→ ASSIGNED TASK:
Retype only the lines below from the one with "コットンとポリエステルの糸を" to the one with "The average percentage", inclusive, skipping every image.

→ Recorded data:
______________________________

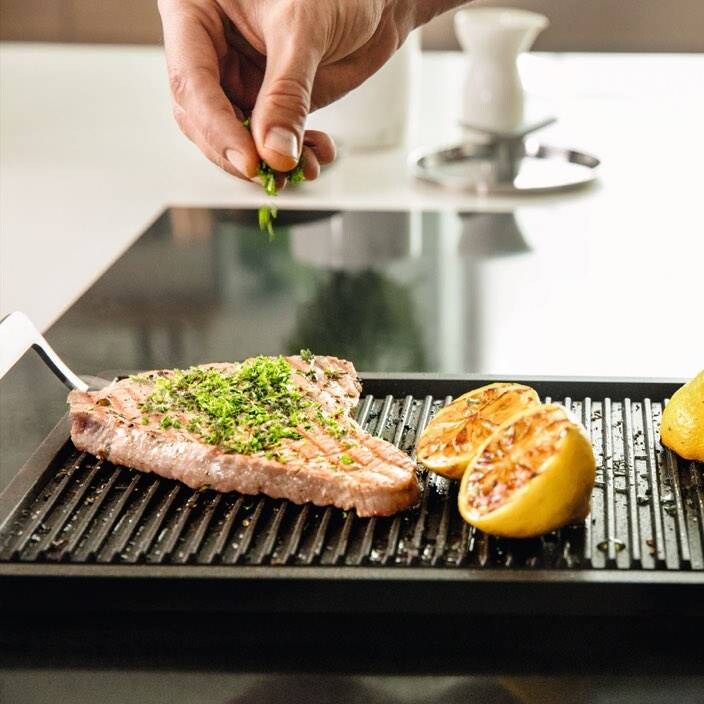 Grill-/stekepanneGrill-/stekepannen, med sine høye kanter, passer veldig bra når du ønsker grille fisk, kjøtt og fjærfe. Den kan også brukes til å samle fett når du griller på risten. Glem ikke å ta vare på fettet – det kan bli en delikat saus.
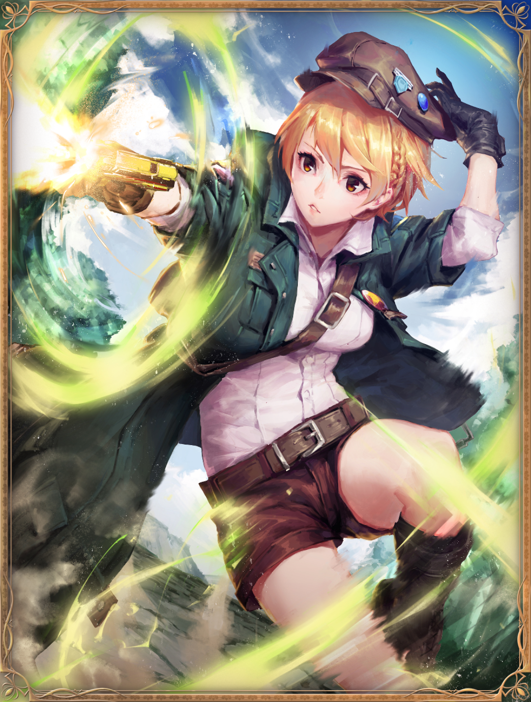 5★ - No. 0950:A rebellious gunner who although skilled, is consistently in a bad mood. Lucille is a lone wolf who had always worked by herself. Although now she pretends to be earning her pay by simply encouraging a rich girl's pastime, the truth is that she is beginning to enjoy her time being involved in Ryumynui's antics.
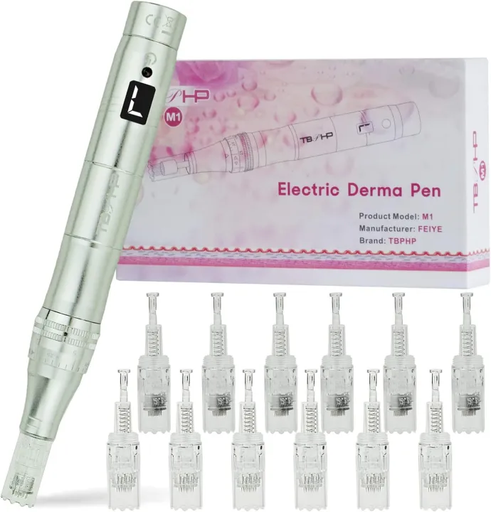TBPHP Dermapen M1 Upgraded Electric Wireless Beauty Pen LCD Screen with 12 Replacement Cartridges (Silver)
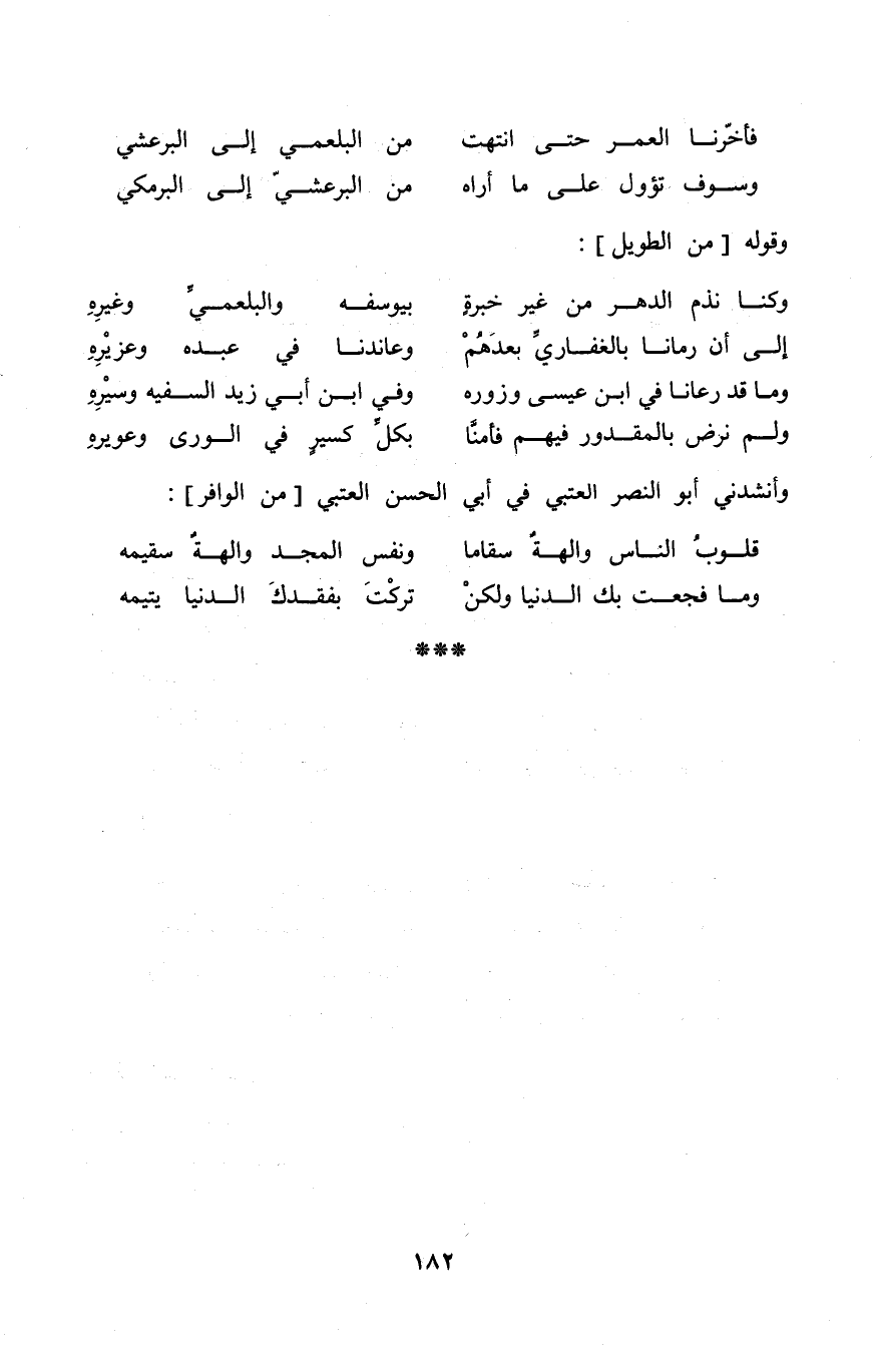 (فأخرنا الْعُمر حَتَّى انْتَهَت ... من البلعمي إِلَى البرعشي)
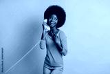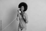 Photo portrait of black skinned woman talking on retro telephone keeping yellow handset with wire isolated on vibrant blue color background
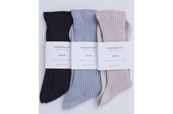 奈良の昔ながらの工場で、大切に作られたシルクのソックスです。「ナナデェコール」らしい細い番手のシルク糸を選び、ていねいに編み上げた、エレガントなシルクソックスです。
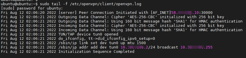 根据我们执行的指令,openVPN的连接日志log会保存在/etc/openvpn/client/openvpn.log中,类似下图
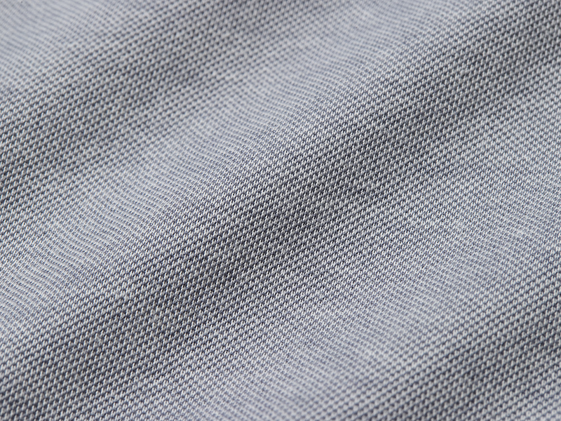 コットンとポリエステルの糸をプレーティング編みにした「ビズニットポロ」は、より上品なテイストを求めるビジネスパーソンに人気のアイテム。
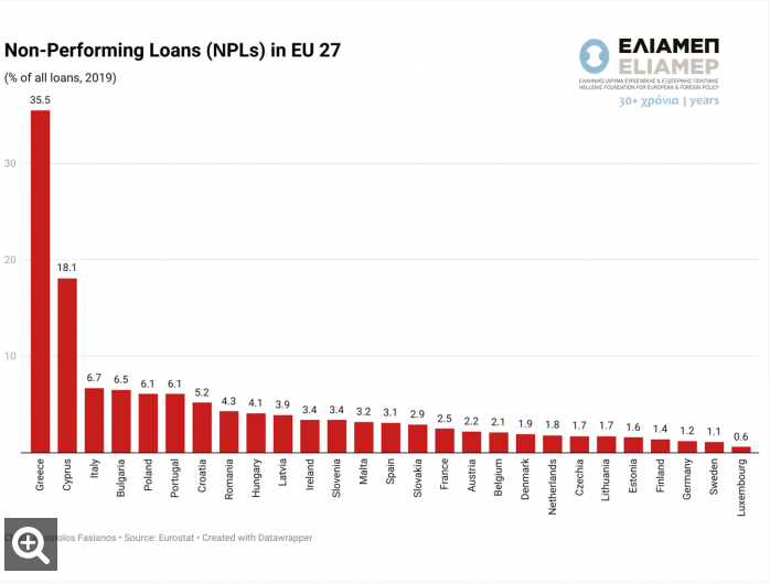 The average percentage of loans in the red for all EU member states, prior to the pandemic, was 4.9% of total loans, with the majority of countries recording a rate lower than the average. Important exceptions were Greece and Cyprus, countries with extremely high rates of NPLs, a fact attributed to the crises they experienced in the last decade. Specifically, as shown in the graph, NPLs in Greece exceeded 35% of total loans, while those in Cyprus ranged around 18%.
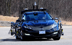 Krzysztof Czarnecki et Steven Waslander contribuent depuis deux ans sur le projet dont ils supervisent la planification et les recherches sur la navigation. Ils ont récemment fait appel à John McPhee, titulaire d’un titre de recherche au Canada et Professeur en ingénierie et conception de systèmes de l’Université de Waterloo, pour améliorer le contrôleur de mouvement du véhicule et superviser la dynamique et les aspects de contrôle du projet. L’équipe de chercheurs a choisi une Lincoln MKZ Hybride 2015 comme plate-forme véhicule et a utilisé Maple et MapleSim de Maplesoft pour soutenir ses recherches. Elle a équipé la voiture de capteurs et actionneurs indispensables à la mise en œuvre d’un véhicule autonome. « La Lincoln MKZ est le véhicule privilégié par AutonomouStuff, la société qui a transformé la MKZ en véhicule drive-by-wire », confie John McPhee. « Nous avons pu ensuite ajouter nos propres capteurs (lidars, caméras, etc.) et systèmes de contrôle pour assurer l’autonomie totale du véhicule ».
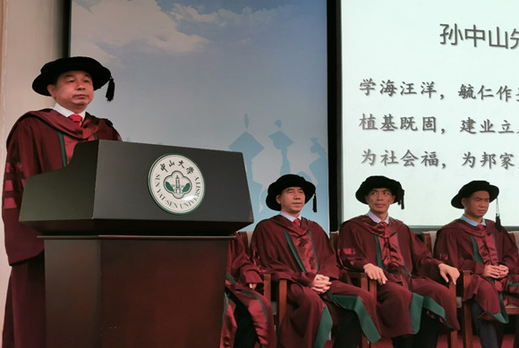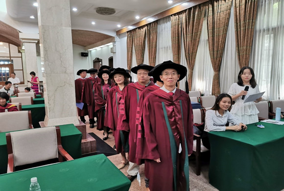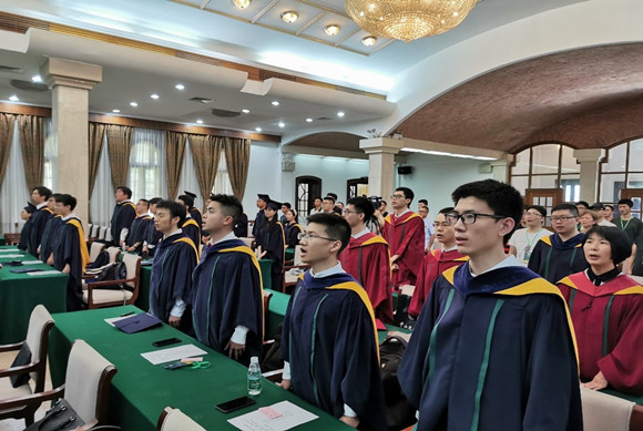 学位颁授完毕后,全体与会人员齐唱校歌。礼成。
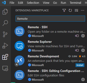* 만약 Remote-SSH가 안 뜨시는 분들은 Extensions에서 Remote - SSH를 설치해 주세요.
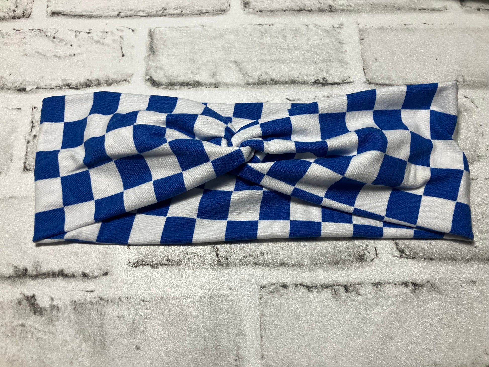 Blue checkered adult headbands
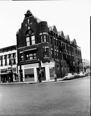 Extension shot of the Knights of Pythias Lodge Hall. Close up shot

______________________________

→ REPLY:
 コットンとポリエステルの糸をプレーティング編みにした「ビズニットポロ」は、より上品なテイストを求めるビジネスパーソンに人気のアイテム。
 The average percentage of loans in the red for all EU member states, prior to the pandemic, was 4.9% of total loans, with the majority of countries recording a rate lower than the average. Important exceptions were Greece and Cyprus, countries with extremely high rates of NPLs, a fact attributed to the crises they experienced in the last decade. Specifically, as shown in the graph, NPLs in Greece exceeded 35% of total loans, while those in Cyprus ranged around 18%.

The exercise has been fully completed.